PROMPT | With the pictures omitted, repeat exactly the lines below starting with the line that has "- 한미약품 (319,500원" and going on through the line that has "नई दिल्ली। संसद".

RECORDS TO USE section start

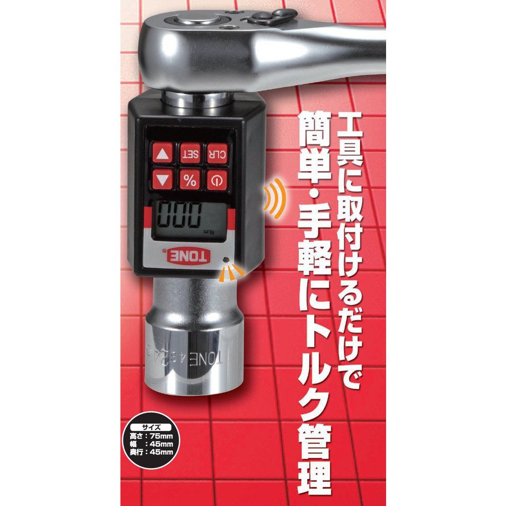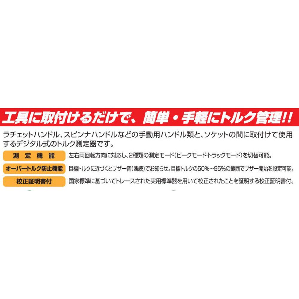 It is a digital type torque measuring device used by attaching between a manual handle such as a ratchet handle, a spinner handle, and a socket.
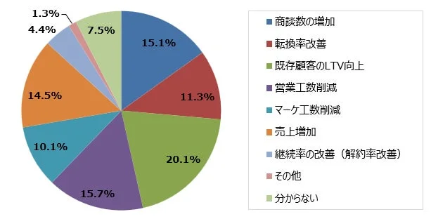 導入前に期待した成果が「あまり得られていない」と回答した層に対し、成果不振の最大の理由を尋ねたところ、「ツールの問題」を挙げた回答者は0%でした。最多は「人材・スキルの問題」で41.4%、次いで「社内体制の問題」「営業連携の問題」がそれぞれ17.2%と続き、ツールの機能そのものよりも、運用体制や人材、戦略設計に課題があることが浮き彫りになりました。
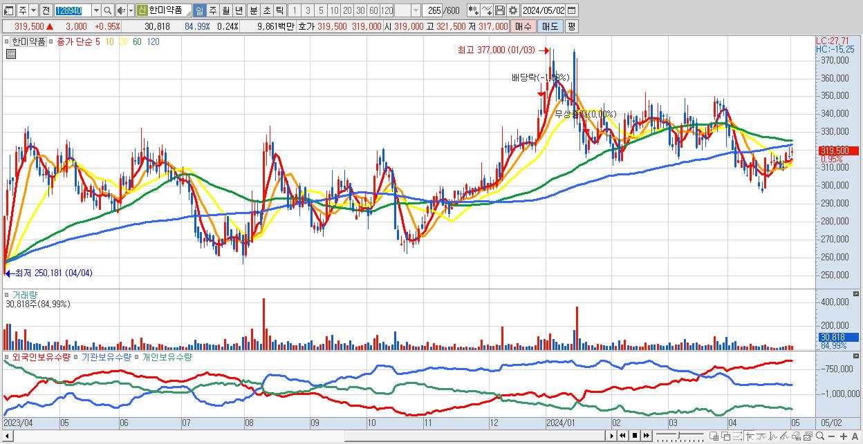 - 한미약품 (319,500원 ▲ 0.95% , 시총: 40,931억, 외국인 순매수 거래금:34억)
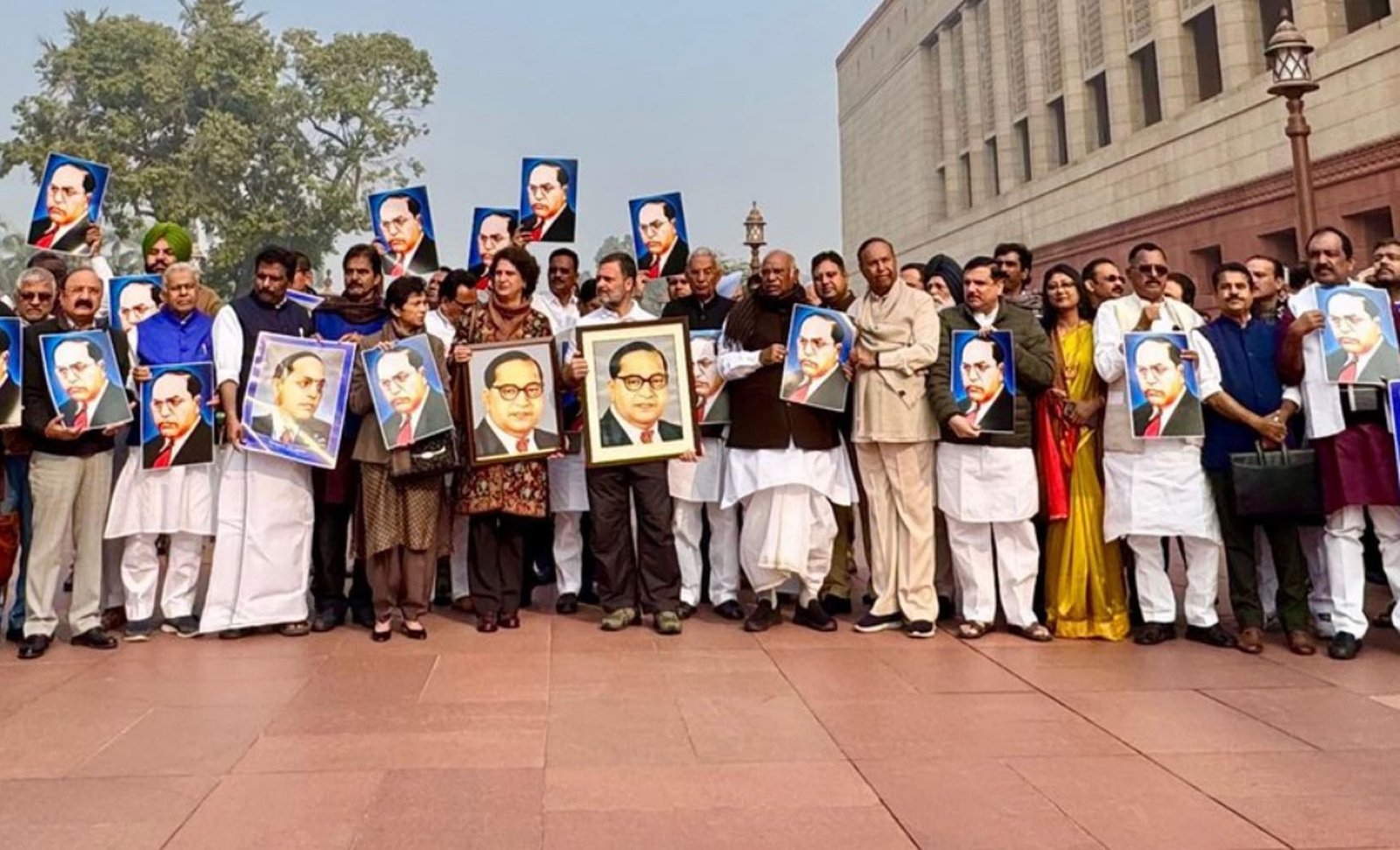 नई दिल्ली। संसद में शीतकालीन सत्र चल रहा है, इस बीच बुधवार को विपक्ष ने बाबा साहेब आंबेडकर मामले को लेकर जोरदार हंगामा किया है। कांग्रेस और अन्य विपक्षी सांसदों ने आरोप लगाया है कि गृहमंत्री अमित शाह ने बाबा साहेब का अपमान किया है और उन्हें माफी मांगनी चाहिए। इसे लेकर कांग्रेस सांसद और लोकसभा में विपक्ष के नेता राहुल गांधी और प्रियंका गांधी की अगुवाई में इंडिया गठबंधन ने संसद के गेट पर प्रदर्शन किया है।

RECORDS TO USE section end
RECORDS TO USE section start

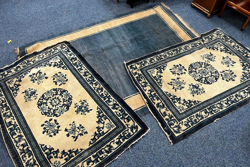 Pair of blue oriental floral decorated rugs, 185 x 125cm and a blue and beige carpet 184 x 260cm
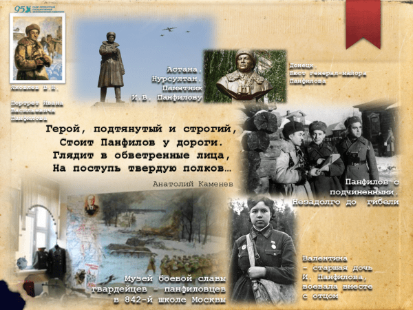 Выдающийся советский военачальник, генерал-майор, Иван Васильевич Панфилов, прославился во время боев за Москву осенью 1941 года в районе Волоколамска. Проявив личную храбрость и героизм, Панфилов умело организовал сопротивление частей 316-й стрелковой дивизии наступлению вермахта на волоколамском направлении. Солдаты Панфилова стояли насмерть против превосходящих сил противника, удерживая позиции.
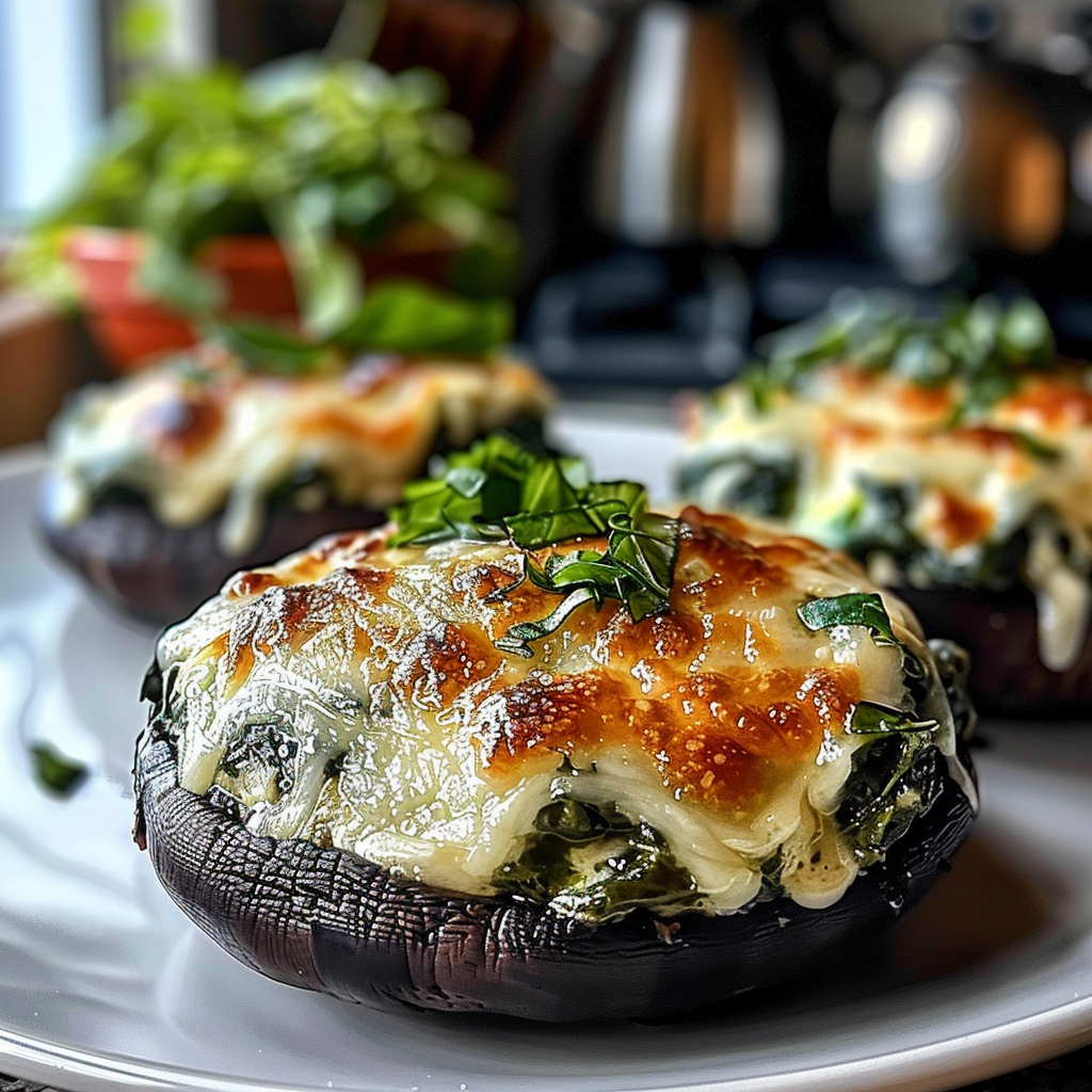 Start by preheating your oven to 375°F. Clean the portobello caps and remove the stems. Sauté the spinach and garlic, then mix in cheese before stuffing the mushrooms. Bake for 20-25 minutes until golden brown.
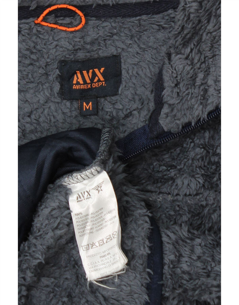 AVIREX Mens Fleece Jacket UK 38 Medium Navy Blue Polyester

RECORDS TO USE section end
RECORDS TO USE section start

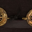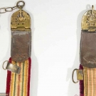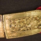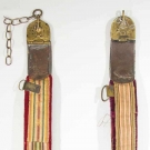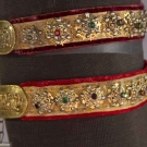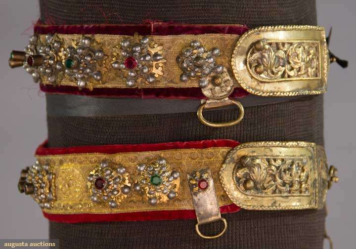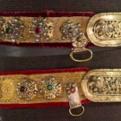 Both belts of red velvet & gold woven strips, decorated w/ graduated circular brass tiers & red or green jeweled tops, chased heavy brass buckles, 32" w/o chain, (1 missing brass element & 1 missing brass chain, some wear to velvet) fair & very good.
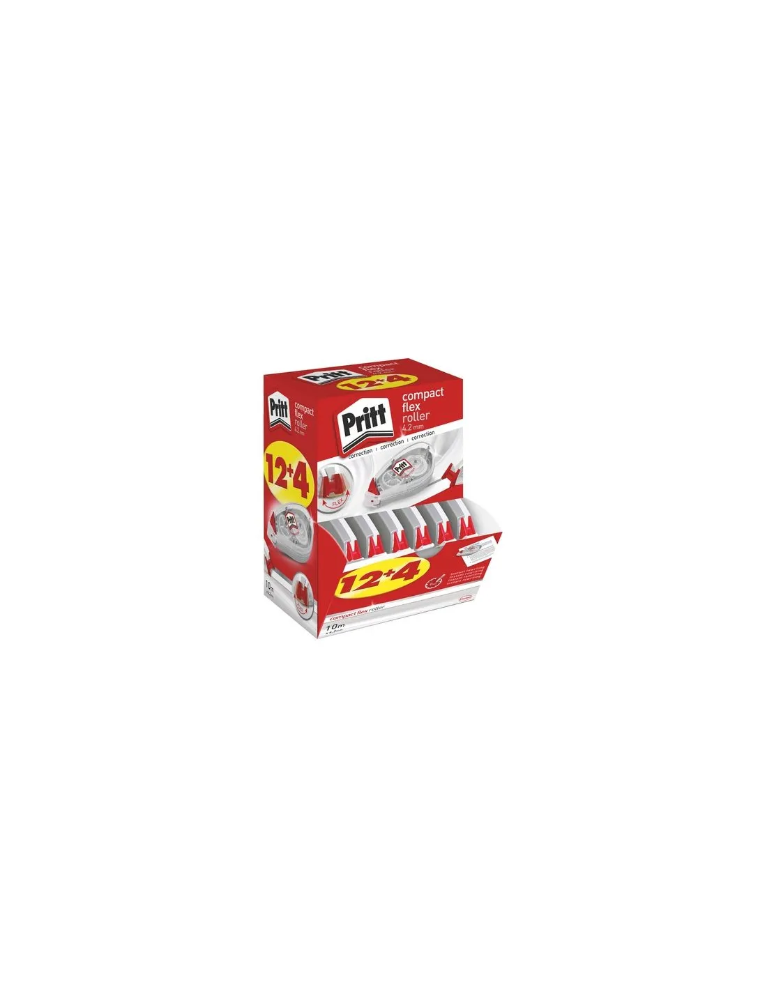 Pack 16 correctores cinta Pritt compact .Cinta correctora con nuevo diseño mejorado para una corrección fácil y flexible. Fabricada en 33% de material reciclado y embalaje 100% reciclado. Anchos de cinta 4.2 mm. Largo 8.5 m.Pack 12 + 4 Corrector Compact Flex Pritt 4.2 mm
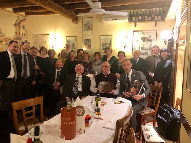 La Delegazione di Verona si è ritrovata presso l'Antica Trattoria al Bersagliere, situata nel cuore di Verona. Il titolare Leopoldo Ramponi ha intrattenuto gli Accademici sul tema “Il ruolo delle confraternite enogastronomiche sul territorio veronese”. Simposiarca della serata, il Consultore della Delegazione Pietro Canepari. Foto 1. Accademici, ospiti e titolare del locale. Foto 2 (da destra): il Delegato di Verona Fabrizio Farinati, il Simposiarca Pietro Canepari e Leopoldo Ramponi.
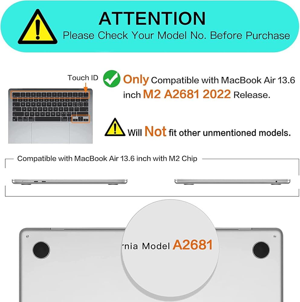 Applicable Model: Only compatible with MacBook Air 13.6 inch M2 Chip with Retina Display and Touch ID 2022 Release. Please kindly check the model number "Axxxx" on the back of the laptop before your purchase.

RECORDS TO USE section end

ANSWER SPACE |
 - 한미약품 (319,500원 ▲ 0.95% , 시총: 40,931억, 외국인 순매수 거래금:34억)
 नई दिल्ली। संसद में शीतकालीन सत्र चल रहा है, इस बीच बुधवार को विपक्ष ने बाबा साहेब आंबेडकर मामले को लेकर जोरदार हंगामा किया है। कांग्रेस और अन्य विपक्षी सांसदों ने आरोप लगाया है कि गृहमंत्री अमित शाह ने बाबा साहेब का अपमान किया है और उन्हें माफी मांगनी चाहिए। इसे लेकर कांग्रेस सांसद और लोकसभा में विपक्ष के नेता राहुल गांधी और प्रियंका गांधी की अगुवाई में इंडिया गठबंधन ने संसद के गेट पर प्रदर्शन किया है।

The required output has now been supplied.